Delivery is the definitive treatment. Most patients recover within days to weeks after the pregnancy ends, though close monitoring for complications like liver rupture and kidney failure is essential during the acute phase.
Other Triggers
Not all MAHA is caused by clot-based microangiopathies. Mechanical heart valves and other cardiovascular devices can create enough turbulence to fragment red blood cells as they flow past artificial surfaces. Severe high blood pressure (malignant hypertension) damages small vessel walls directly, creating the same shearing effect. Certain cancers, particularly those that have spread widely, can trigger MAHA either through DIC or by tumor cells directly invading small blood vessels. Some medications, including certain chemotherapy drugs and immunosuppressants, can also damage the small vessel lining and cause MAHA.
What MAHA Feels Like
The symptoms of MAHA overlap with those of any significant anemia: fatigue, weakness, shortness of breath, pale skin, and a rapid heartbeat. Because the hemolysis releases hemoglobin into the bloodstream, urine may turn dark or tea-colored as the kidneys filter out the excess. Jaundice, a yellow discoloration of the skin and whites of the eyes, can develop from the buildup of bilirubin.
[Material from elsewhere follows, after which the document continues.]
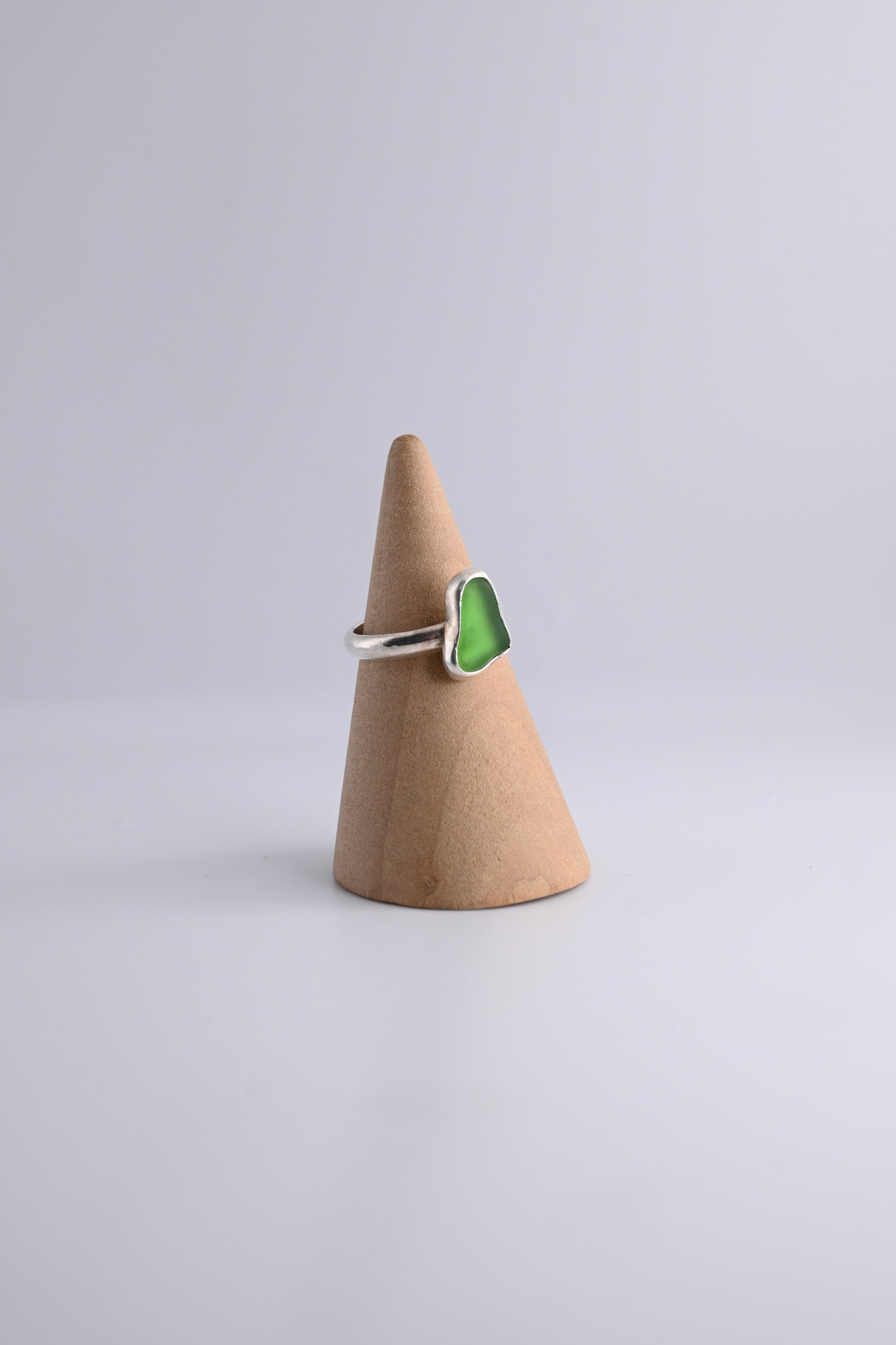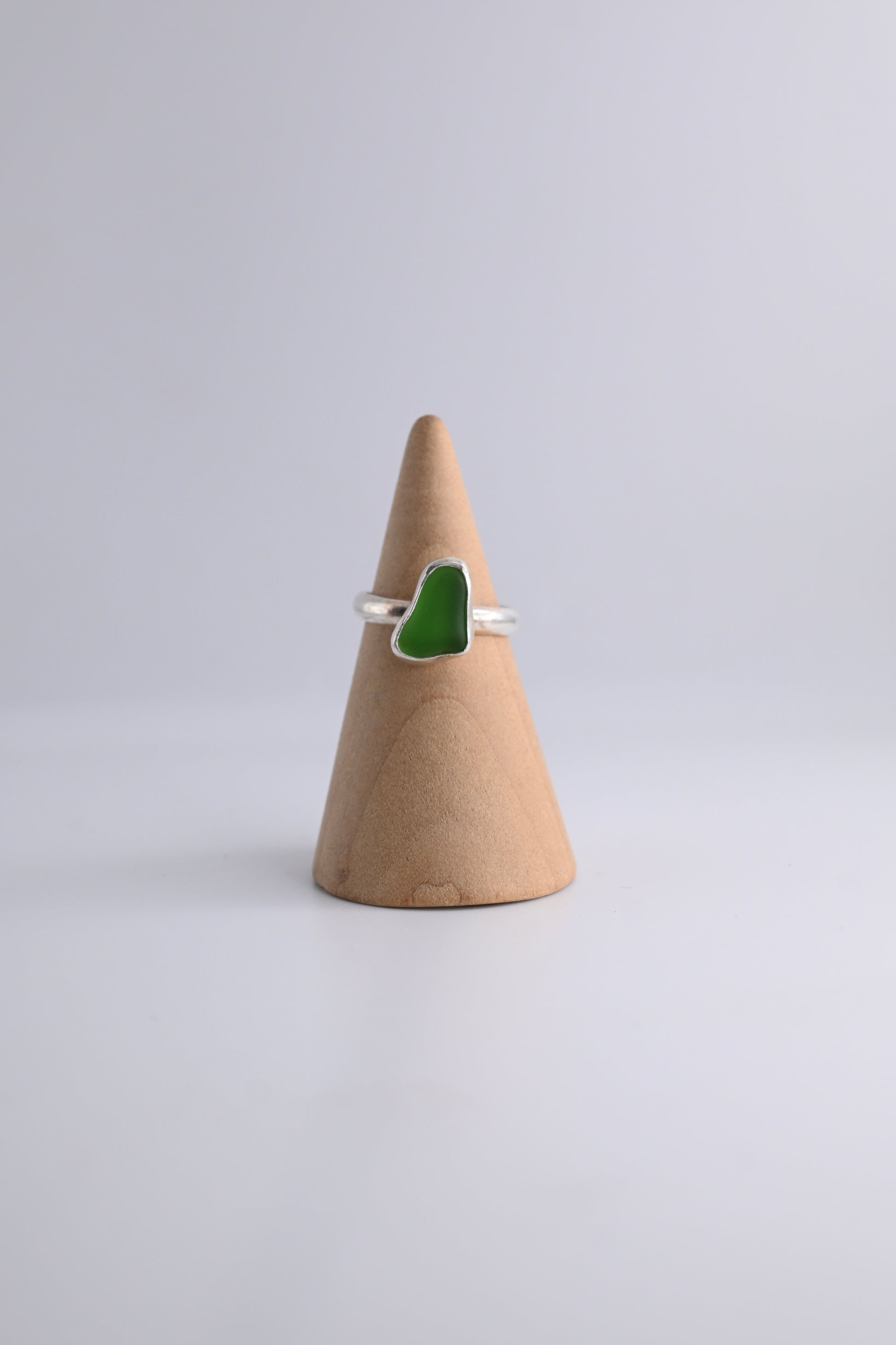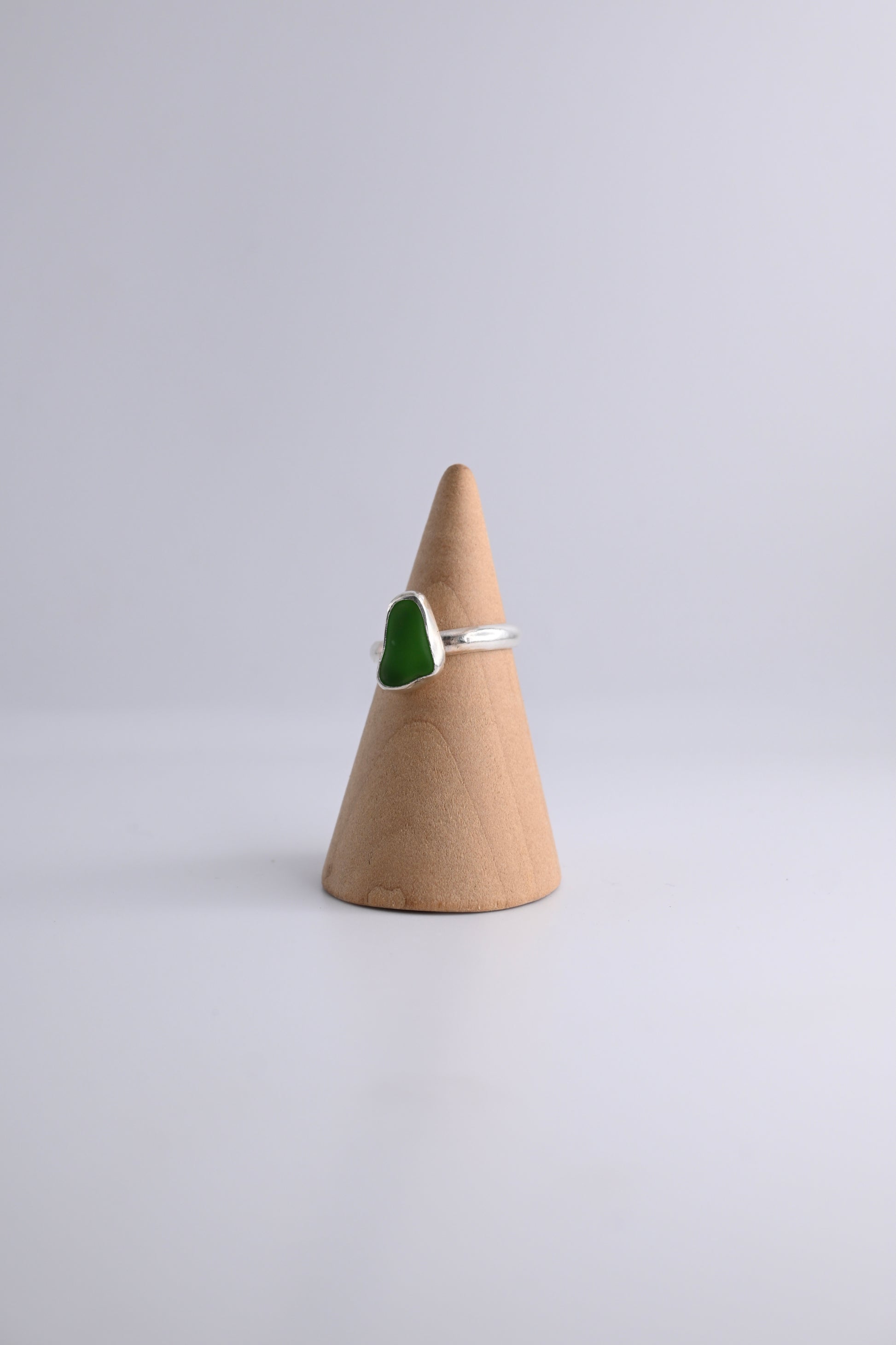 Handmade .925 sterling silver ring. Featuring handpicked, one-of-a-kind sea glass found somewhere along the Pacific Coast. Please note that each piece is crafted by hand not by a machine, so it will carry the subtle character and individuality that come with handmade work. Every ring is truly unique in its own way.

Beyond the anemia itself, symptoms vary depending on which organs the microthrombi are affecting. Kidney involvement produces decreased urine output and fluid retention. Brain involvement causes confusion, vision changes, or seizures. The combination of these organ-specific symptoms with anemia and easy bruising (from low platelets) is what typically prompts the blood work that reveals the diagnosis.
Because MAHA always signals an underlying process that needs urgent identification, the finding of schistocytes on a blood smear alongside low platelets and signs of hemolysis triggers a rapid diagnostic workup to distinguish between TTP, HUS, DIC, and other causes. The speed of that workup matters: TTP in particular carries a high mortality rate if treatment is delayed even by hours.